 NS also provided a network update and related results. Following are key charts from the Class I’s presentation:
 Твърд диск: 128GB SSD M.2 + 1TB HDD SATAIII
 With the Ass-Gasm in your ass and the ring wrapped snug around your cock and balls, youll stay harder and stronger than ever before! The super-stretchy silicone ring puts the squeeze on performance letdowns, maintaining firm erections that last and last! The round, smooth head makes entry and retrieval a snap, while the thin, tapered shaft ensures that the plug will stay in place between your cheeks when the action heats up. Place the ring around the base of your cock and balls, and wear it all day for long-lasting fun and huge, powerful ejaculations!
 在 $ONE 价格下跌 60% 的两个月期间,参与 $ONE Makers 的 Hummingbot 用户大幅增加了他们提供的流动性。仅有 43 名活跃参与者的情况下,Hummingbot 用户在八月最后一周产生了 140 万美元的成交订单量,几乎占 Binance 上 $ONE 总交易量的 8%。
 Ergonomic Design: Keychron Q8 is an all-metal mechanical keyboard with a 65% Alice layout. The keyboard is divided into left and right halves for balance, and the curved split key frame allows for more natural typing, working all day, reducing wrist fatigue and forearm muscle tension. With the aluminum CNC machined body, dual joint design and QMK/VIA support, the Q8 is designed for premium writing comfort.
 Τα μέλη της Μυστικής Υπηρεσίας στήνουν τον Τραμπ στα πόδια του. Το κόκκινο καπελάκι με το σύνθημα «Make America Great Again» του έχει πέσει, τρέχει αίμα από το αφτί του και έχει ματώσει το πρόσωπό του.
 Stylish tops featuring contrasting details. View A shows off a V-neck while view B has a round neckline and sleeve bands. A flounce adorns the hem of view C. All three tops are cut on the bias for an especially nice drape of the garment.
* * * * * * *
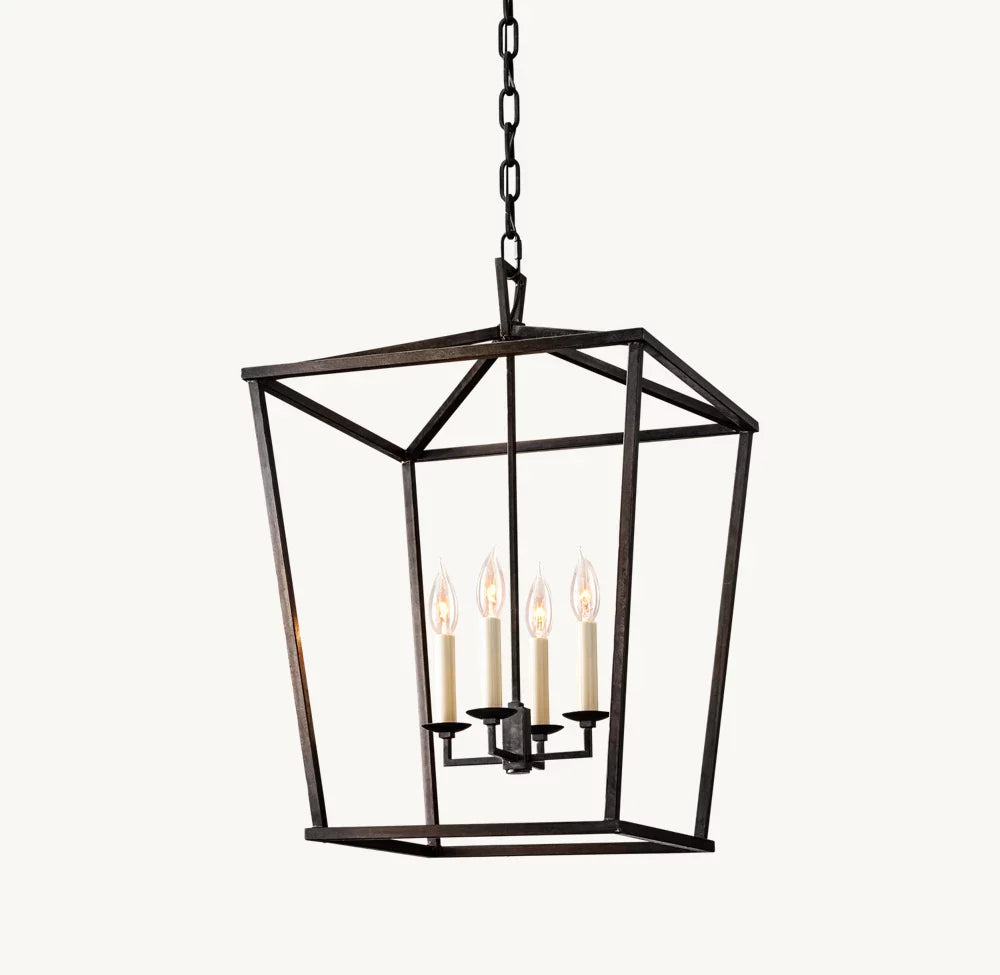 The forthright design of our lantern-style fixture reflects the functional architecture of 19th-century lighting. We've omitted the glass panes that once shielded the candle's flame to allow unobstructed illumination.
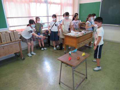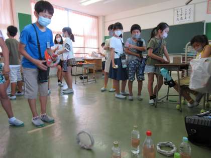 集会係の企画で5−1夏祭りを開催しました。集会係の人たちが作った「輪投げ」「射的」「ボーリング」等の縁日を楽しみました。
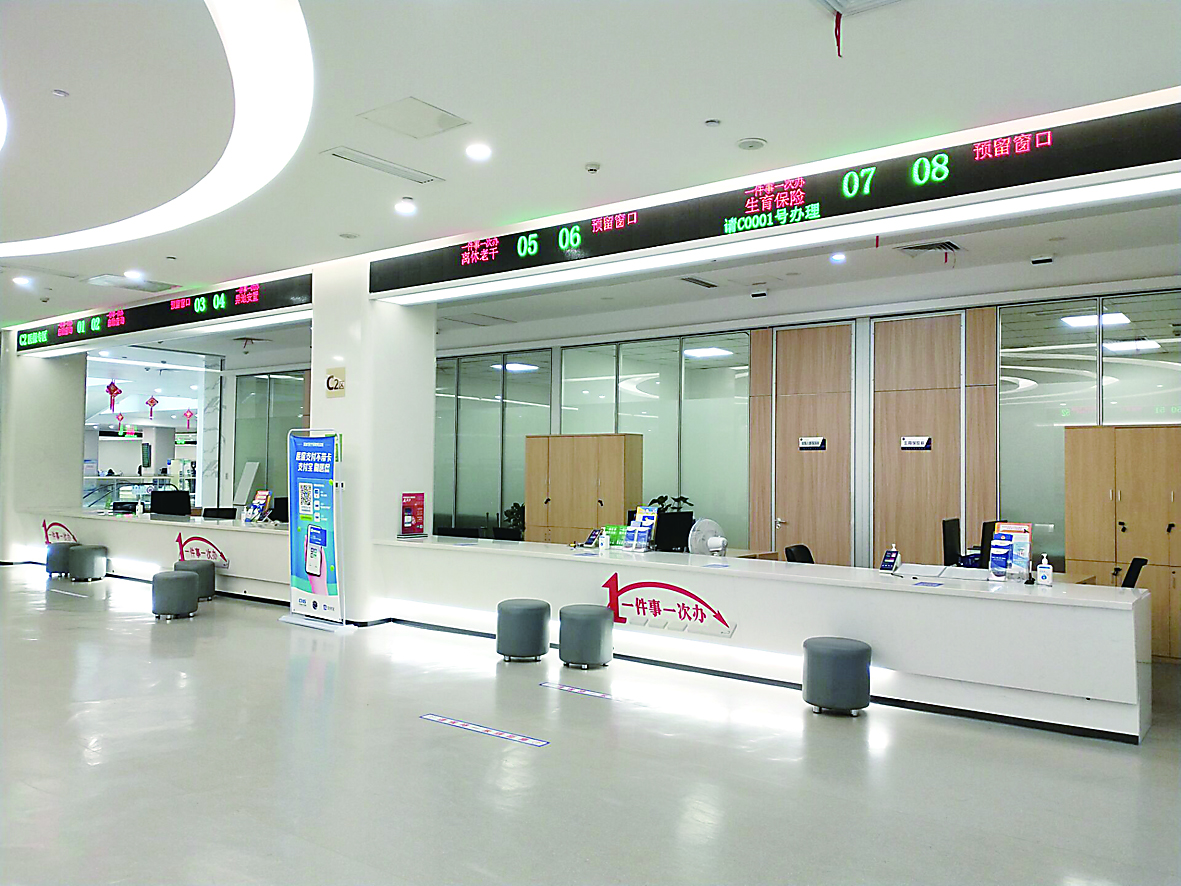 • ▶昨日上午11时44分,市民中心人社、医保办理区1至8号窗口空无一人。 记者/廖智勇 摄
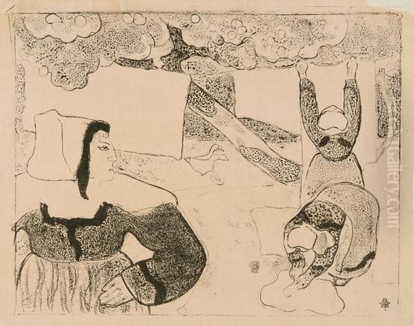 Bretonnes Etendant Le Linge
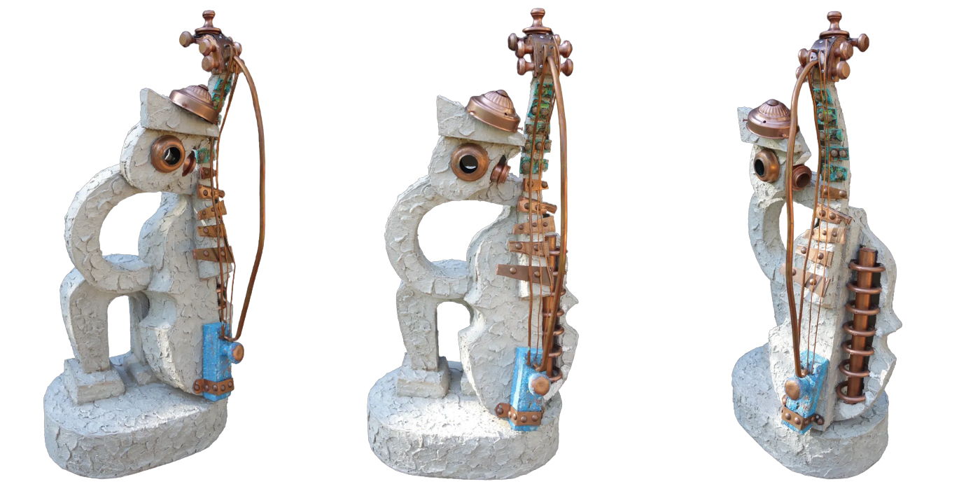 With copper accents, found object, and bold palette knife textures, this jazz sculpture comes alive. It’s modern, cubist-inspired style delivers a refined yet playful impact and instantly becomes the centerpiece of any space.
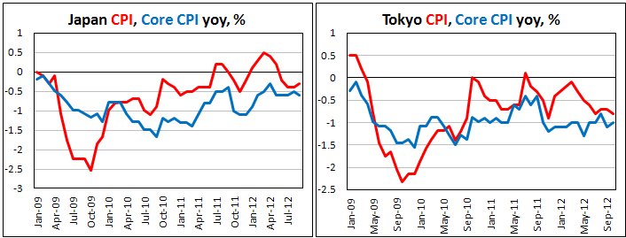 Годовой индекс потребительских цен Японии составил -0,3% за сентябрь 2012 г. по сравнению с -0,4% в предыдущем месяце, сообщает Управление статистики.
* * * * * * *
**Action item**
Copy out each line of the data above, exactly, if it lies between the line holding "在 $ONE 价格下跌" and the line holding "Stylish tops featuring", inclusive; copy no other line.

**Response**
 在 $ONE 价格下跌 60% 的两个月期间,参与 $ONE Makers 的 Hummingbot 用户大幅增加了他们提供的流动性。仅有 43 名活跃参与者的情况下,Hummingbot 用户在八月最后一周产生了 140 万美元的成交订单量,几乎占 Binance 上 $ONE 总交易量的 8%。
 Ergonomic Design: Keychron Q8 is an all-metal mechanical keyboard with a 65% Alice layout. The keyboard is divided into left and right halves for balance, and the curved split key frame allows for more natural typing, working all day, reducing wrist fatigue and forearm muscle tension. With the aluminum CNC machined body, dual joint design and QMK/VIA support, the Q8 is designed for premium writing comfort.
 Τα μέλη της Μυστικής Υπηρεσίας στήνουν τον Τραμπ στα πόδια του. Το κόκκινο καπελάκι με το σύνθημα «Make America Great Again» του έχει πέσει, τρέχει αίμα από το αφτί του και έχει ματώσει το πρόσωπό του.
 Stylish tops featuring contrasting details. View A shows off a V-neck while view B has a round neckline and sleeve bands. A flounce adorns the hem of view C. All three tops are cut on the bias for an especially nice drape of the garment.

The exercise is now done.